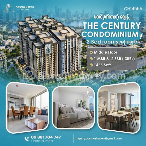 Property Name : လှိုင်မြို့နယ်ရှိThe Century Condominiumအရောင်း/The Century Condominium for Sales Hlaing Township in Yangon/09892600050,09892600060
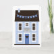 Home Sweet Home Congratulations Card | A modern congrats on your new home card with a simple vector drawing of a blue house, bunting with the words "NEW HOME" and the couples name on a plaque above the door.
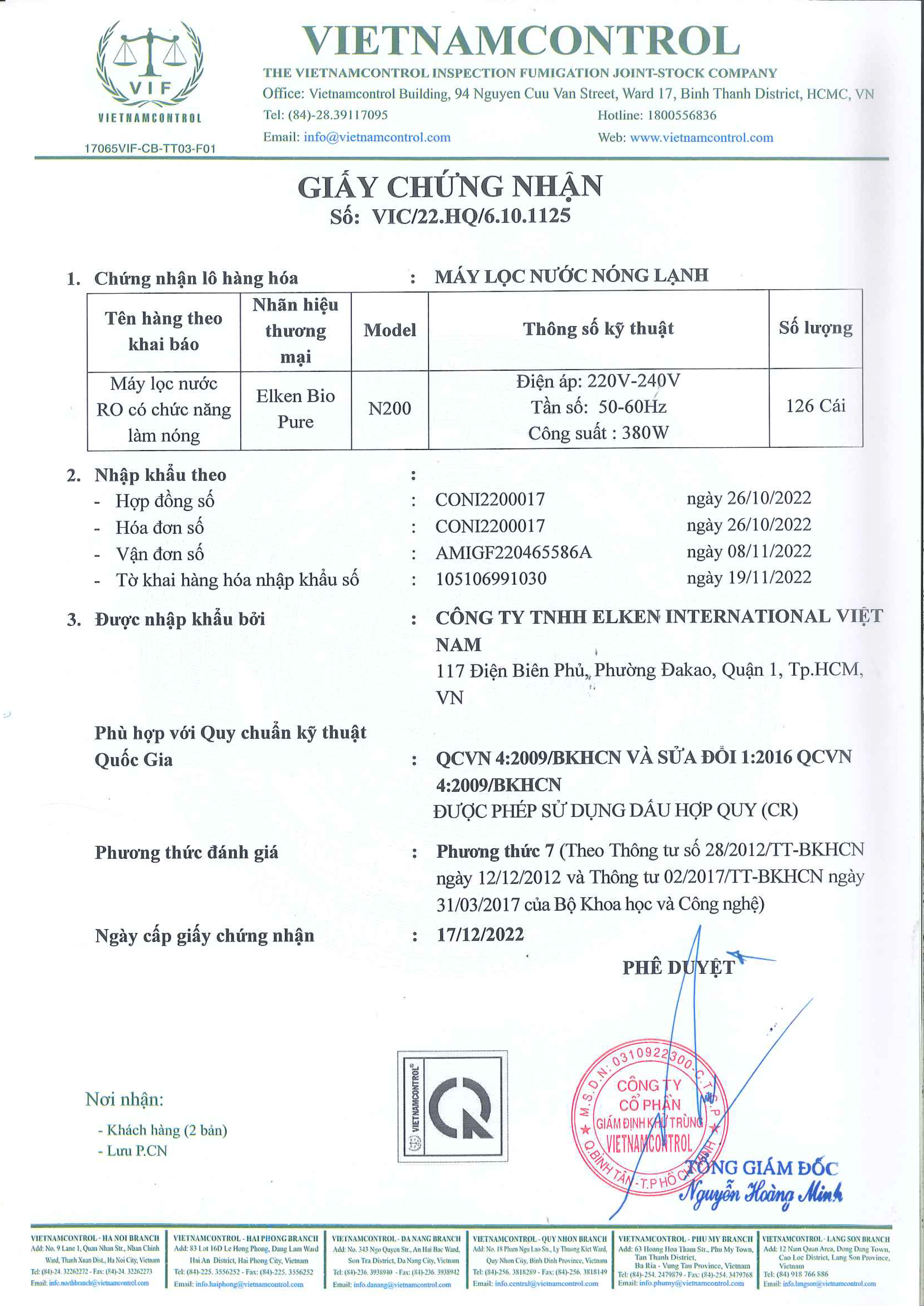 - Máy lọc nước R.O có chức năng làm nóng: Elken Bio Pure N200, Máy tạo khí Hydrogen: Genqi H150A: Xuất xứ: Trung Quốc. Nhà sản xuất: Conitech (Tianjin) Co., Ltd. Địa chỉ: 156, Blk 22, Nan Hai Road, TEDA, Tianjin, China 300457.

> **YOUR ASSIGNMENT**:
Could the material above be given again in full and exactly, with its pictures left out?

> **ANSWER**:
 Property Name : လှိုင်မြို့နယ်ရှိThe Century Condominiumအရောင်း/The Century Condominium for Sales Hlaing Township in Yangon/09892600050,09892600060
 Home Sweet Home Congratulations Card | A modern congrats on your new home card with a simple vector drawing of a blue house, bunting with the words "NEW HOME" and the couples name on a plaque above the door.
 - Máy lọc nước R.O có chức năng làm nóng: Elken Bio Pure N200, Máy tạo khí Hydrogen: Genqi H150A: Xuất xứ: Trung Quốc. Nhà sản xuất: Conitech (Tianjin) Co., Ltd. Địa chỉ: 156, Blk 22, Nan Hai Road, TEDA, Tianjin, China 300457.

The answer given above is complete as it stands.